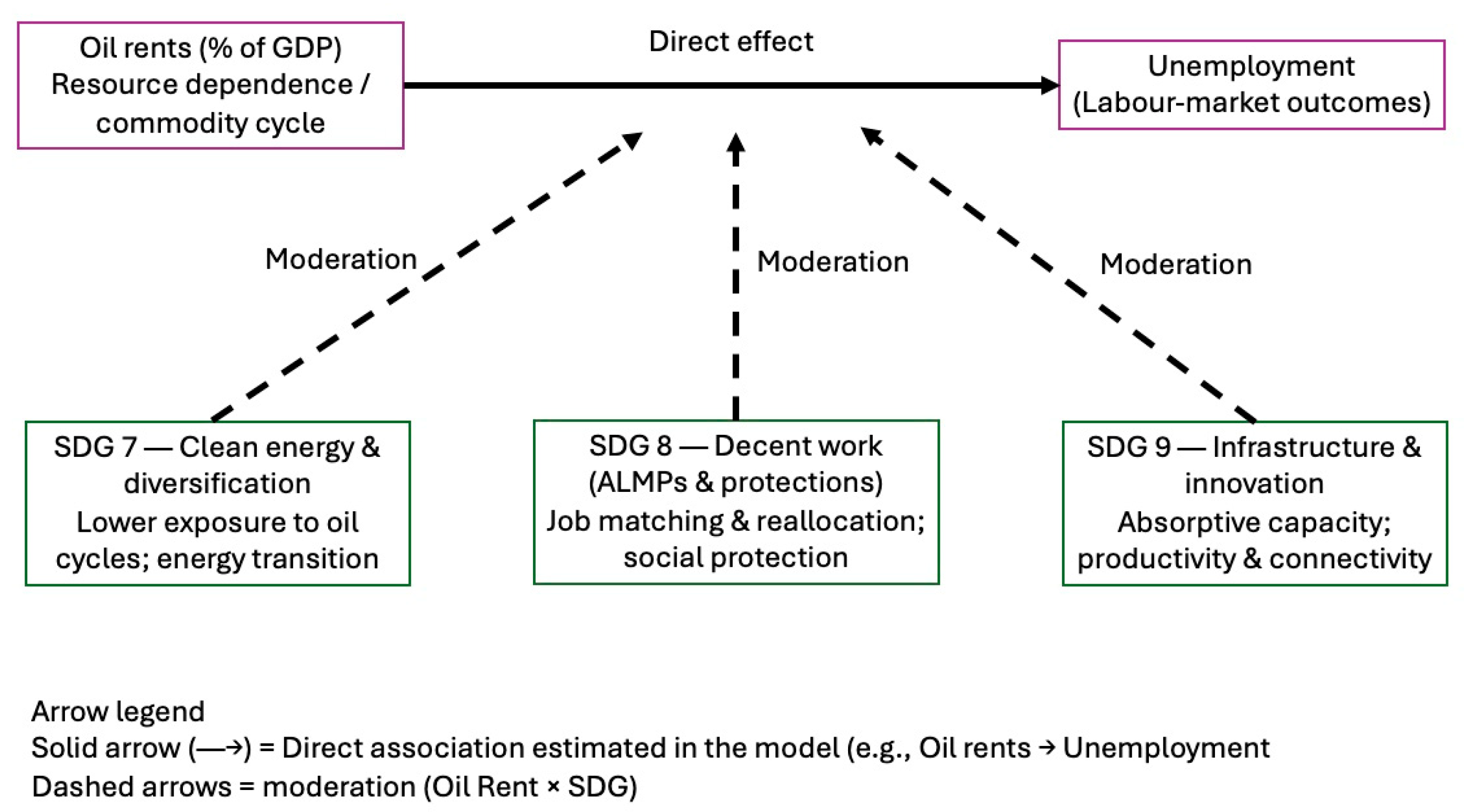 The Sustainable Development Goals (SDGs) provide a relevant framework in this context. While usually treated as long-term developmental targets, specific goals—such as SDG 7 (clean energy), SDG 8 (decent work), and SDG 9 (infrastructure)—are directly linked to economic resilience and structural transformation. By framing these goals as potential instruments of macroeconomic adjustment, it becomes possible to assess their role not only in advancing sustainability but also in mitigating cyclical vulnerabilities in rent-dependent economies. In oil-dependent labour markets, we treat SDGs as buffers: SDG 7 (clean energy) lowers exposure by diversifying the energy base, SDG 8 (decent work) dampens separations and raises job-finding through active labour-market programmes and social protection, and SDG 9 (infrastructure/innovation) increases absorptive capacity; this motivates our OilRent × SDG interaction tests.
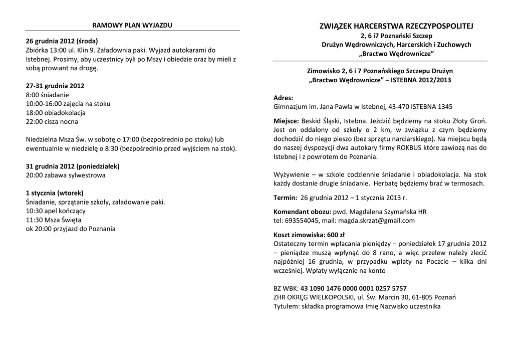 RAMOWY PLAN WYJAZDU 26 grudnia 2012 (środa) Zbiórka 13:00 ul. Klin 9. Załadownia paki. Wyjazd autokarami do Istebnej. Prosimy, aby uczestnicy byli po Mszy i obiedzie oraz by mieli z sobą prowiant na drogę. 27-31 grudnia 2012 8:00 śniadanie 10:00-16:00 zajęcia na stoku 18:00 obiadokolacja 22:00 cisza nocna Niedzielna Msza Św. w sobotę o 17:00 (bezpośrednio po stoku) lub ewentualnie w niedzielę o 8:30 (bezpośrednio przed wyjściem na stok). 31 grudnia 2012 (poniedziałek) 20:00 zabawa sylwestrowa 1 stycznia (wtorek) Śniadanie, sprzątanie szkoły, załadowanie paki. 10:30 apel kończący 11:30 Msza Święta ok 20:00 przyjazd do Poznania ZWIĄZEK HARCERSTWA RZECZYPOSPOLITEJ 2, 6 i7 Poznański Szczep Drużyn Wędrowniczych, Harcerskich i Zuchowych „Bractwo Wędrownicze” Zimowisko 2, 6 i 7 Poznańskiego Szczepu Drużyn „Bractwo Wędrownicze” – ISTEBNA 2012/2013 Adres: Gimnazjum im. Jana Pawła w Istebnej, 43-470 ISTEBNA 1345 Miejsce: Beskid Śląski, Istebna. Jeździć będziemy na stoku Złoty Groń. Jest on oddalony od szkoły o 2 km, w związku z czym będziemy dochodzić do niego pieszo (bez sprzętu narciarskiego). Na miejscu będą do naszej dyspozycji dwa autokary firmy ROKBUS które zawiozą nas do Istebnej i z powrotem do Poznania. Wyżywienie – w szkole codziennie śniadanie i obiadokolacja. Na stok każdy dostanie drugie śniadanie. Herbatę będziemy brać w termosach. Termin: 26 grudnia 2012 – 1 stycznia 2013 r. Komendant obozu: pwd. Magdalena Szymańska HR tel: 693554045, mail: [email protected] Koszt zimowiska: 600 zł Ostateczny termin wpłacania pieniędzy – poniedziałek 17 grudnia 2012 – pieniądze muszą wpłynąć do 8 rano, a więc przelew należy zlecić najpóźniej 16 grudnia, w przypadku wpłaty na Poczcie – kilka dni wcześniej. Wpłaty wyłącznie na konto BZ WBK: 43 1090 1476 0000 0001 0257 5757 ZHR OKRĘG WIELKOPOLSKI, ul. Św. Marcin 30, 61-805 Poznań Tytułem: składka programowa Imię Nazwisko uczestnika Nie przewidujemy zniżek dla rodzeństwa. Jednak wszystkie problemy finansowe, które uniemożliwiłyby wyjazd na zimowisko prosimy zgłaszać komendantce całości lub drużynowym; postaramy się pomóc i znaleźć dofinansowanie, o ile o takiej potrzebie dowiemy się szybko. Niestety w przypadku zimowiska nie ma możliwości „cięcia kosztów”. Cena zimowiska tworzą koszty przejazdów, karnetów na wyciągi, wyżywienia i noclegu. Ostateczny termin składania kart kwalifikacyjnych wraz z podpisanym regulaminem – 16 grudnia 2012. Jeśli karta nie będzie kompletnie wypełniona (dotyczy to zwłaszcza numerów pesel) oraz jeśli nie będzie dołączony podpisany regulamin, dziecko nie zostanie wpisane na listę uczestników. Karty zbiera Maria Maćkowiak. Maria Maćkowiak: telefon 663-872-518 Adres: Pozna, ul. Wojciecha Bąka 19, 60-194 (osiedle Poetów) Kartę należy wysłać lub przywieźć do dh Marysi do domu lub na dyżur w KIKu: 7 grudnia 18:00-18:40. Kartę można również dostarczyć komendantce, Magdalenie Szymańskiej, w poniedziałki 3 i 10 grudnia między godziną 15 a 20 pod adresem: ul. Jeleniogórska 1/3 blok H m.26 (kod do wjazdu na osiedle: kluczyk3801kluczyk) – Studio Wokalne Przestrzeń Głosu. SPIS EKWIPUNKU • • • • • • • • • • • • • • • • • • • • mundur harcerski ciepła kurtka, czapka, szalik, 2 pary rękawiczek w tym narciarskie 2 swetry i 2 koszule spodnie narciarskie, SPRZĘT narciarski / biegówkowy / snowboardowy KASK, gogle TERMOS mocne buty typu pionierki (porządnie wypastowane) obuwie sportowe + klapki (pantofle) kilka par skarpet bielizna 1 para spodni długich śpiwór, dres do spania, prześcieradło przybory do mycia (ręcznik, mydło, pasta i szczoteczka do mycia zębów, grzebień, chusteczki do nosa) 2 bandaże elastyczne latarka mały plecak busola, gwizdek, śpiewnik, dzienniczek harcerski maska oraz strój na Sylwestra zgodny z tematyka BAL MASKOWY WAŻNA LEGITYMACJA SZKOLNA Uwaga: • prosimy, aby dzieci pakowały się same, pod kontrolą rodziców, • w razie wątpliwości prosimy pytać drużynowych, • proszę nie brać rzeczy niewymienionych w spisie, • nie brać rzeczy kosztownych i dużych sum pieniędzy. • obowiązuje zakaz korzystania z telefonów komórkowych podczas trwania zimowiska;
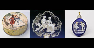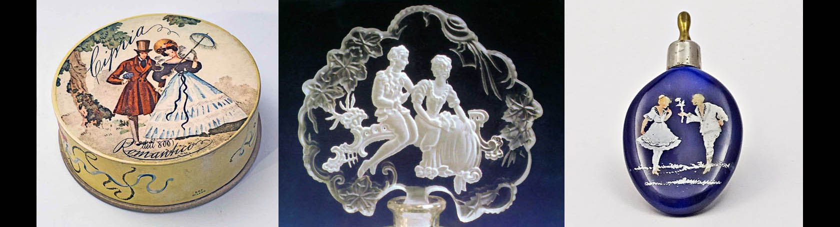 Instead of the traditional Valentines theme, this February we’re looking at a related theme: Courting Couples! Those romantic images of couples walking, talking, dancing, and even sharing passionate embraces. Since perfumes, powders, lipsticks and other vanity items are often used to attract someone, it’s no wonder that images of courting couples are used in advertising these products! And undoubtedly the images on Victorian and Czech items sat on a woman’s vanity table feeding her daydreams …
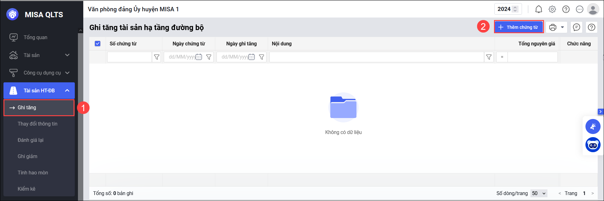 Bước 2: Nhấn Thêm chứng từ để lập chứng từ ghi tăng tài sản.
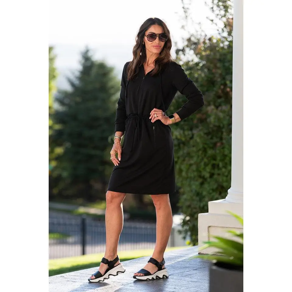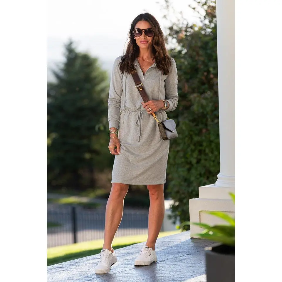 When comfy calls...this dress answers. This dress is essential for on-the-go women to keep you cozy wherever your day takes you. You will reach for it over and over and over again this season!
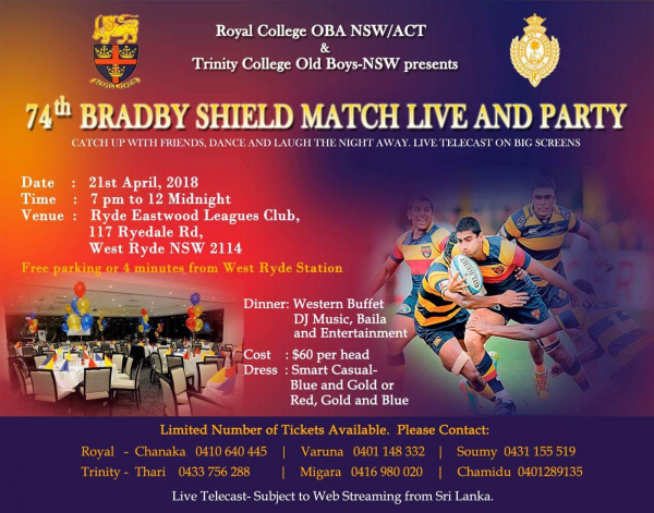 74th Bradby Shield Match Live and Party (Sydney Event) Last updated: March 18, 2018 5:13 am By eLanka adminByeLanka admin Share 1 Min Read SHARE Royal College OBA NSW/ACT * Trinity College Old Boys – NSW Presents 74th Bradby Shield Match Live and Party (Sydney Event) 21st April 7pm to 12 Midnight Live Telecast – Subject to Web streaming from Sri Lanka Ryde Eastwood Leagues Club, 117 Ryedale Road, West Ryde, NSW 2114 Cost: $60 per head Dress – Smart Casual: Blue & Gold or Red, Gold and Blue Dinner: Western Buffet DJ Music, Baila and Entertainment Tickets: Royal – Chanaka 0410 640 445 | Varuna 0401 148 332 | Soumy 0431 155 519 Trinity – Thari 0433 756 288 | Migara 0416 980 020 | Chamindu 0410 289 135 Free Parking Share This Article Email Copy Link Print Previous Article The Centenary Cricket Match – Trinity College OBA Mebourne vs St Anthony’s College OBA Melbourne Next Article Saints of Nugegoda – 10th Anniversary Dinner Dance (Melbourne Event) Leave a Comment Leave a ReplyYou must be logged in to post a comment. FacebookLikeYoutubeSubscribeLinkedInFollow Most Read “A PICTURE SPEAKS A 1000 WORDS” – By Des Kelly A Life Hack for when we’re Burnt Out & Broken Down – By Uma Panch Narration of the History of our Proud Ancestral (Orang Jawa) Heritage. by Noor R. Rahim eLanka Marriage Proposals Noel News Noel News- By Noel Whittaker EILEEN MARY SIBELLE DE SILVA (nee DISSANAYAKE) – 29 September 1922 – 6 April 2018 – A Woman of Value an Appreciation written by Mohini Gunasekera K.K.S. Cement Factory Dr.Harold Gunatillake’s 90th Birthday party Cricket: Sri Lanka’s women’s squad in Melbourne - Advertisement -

Your assignment:
Look above for the line with "Bước 2: Nhấn" and the line with "When comfy calls...this", then restate exactly those two lines and all lines between them, with no pictures.

Exercise response:
 Bước 2: Nhấn Thêm chứng từ để lập chứng từ ghi tăng tài sản.
 When comfy calls...this dress answers. This dress is essential for on-the-go women to keep you cozy wherever your day takes you. You will reach for it over and over and over again this season!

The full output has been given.